The US State Department said it is willing to take a “flexible approach” on negotiations with North Korea, the Voice of America reported on Wednesday.
“We are willing to take a flexible approach to reach a balanced agreement on all the Singapore summit commitments,” a member of the US State Department spokesperson’s office was quoted as saying by the US broadcaster.
According to VOA, the official made the comments while explaining the department’s position on repeated criticism from Russia and China that Washington’s “maximum pressure” campaign on North Korea was unrealistic and not helping solve problems.
At their first summit in June 2018 in Singapore, US President Donald Trump and North Korean leader Kim Jong-un signed a joint statement in which the two countries agreed to commit to establishing new relations, build a lasting peace regime on the Korean Peninsula, work toward complete denuclearization of the Korean Peninsula and commit to recovering the remains of US soldiers in the North.
The State Department official did not elaborate on which areas the US would be flexible on, or what kind of actions by the North could lead to easing of sanctions, VOA said.
Top US officials have made similar remarks before.
Kelly Craft, US ambassador to the United Nations, said during a UN Security Council session in December last year that Washington is ready to be “flexible,” “take actions in parallel and “simultaneously take concrete steps” in North Korea’s denuclearization process.
In June last year, Stephen Biegun, then-US Special Representative for North Korea, said “both sides understand the need for a flexible approach.”
The State Department official also stressed the need for coordination with the US in South Korea’s efforts to improve bilateral ties with the North.
“The United States supports inter-Korean cooperation and coordinates with our ROK ally to ensure inter-Korean cooperation proceeds in lockstep with progress on denuclearization,” the official said, in regard to the Unification Ministry spokesman’s recent remarks that South Koreans’ individual tours to the North are not subject to consultations between Seoul and Washington.

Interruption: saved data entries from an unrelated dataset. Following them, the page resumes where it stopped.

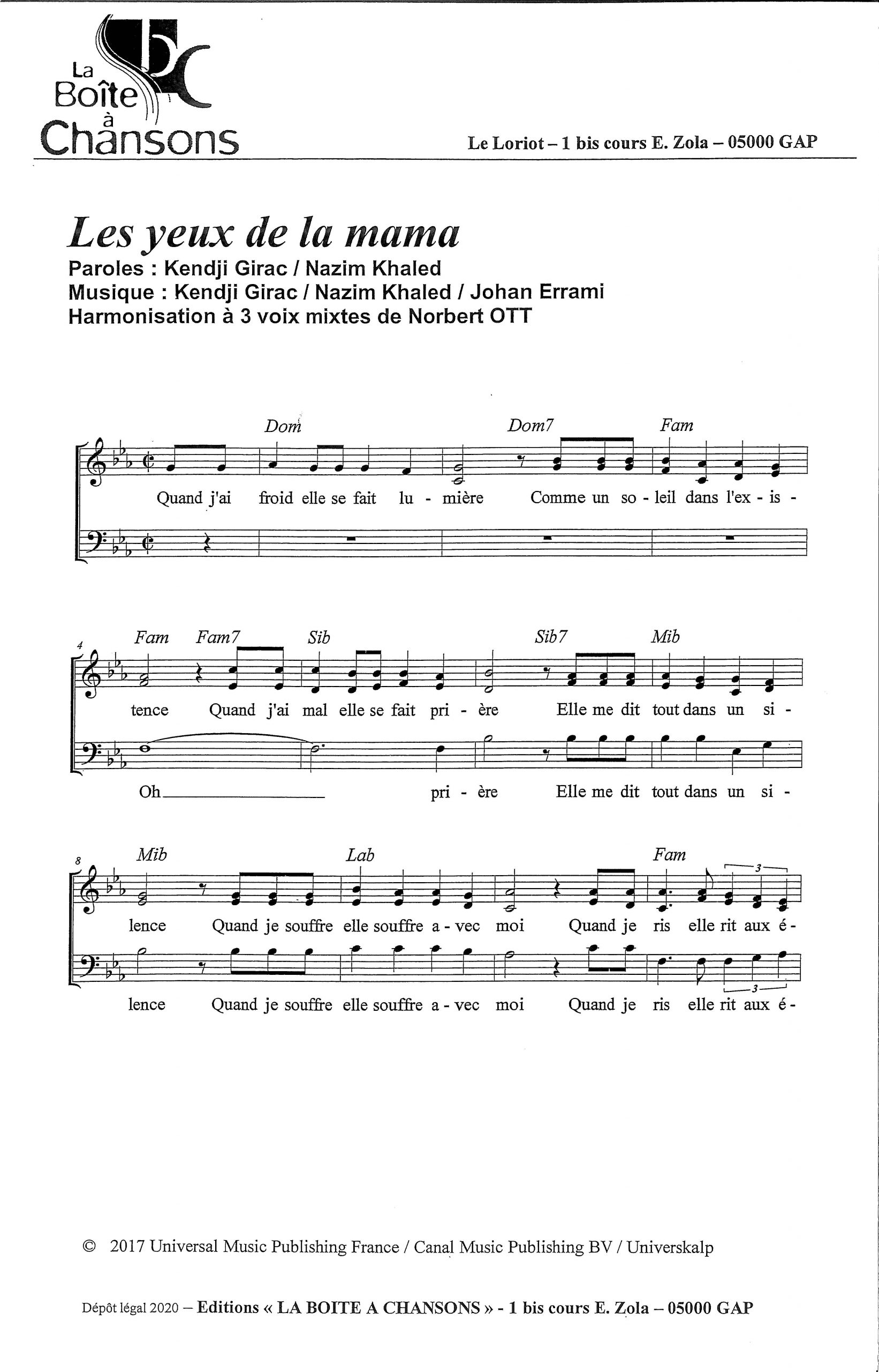 Paroles et musique : K. Girac / N. Khale / J. Errami Harmonisation : Norbert Ott
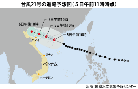 ベトナム台風、6日午前に北東部に上陸か安全情報社会災害中国・雷州半島の東の沖合にある台風21号(国際名:マットゥモ)は5日午前時点で南シナ海を北西に進んでおり、6日午前中にもベトナム北東部に上陸する見込みだ…
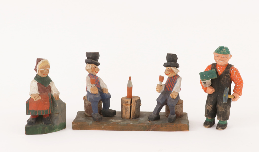 Figurgrupp samt gumma, Anders Blanck, Rättvik samt snickare, osignerad.
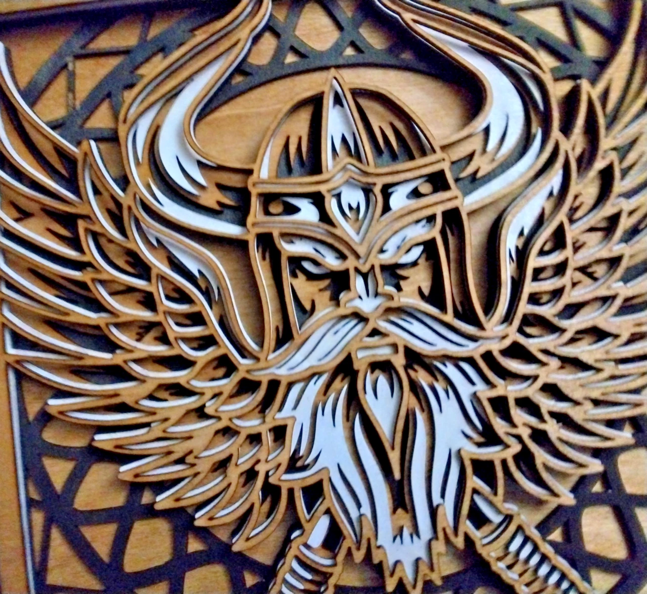 This is a design I bought from another artist on Etsy. I added an additional layer to the art piece to avoid staining one piece of wood two separate colors and every piece could just be stained its own color. The additional layer also added to the thickness of the art piece in general now making it a 1/2 an inch. This actual art piece has been sold but do not worry we have another listed on eBay if interested.
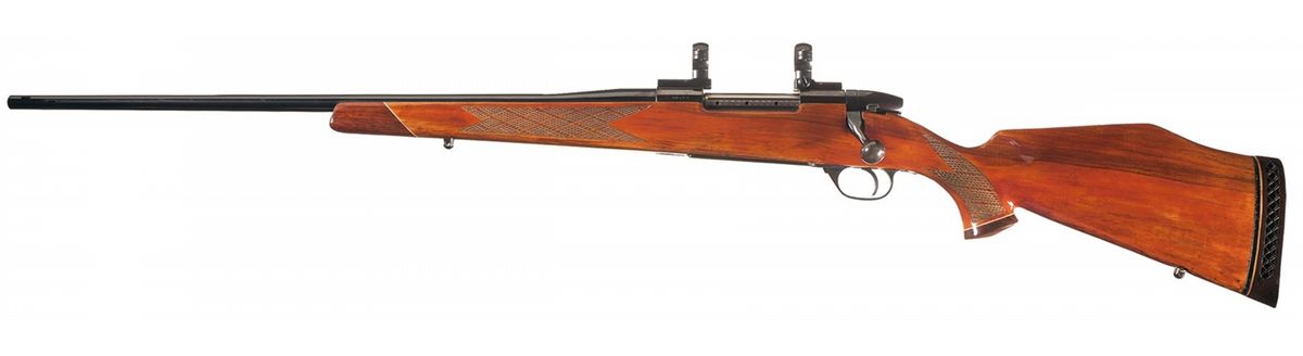 Standard markings and manufactured without sights. Ported barrel, polished fluted bolt and jeweled follower. Mounted on a Monte Carlo style, skip-line checkered walnut pistol grip stock with a rosewood forend tip, rosewood grip cap with diamond insert, raised comb, cheek piece, sling swivel studs and a vented rubber Weatherby recoil pad. With scope rings mounted.
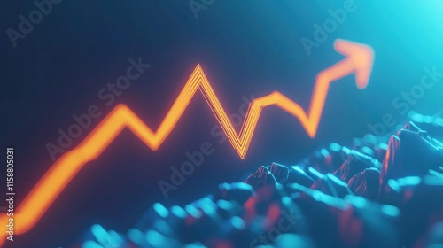 Glowing orange arrow graph rising on dark blue background.
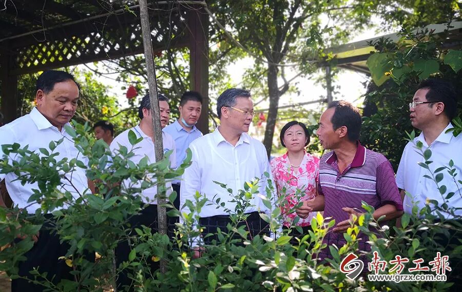▲吕业升(中)考察头堡稔垌自然村新农村建设 陈硕/摄

The department had made the same comments last month when Foreign Minister Kang Kyung-wha said the Koreas could move ahead before US-North Korea talks proceed.
Meanwhile, the US Treasury Department said it will continue to focus on using “targeted financial measures” this year to deal with national security challenges including North Korea, Iran, Russia and Venezuela.
The department’s Office of Terrorism and Financial Intelligence said in its congressional budget justification report for the fiscal year 2021 that it has supported the US administration’s goal to achieve the final, fully verified denuclearization of North Korea by maintaining pressure on the country’s finances and economy.
To curb the North Korean threat, TFI said it deploys a variety of financial tools and authorities including sanctions, measures for anti-money laundering and countering the financing of terrorism.
TFI said in the report that it sanctioned more than 20 individuals, entities and vessels related to North Korea in the 2019.
The US Treasury has set aside an annual budget of $172.75 million for TFI in 2021, up 1.79 percent from the previous year.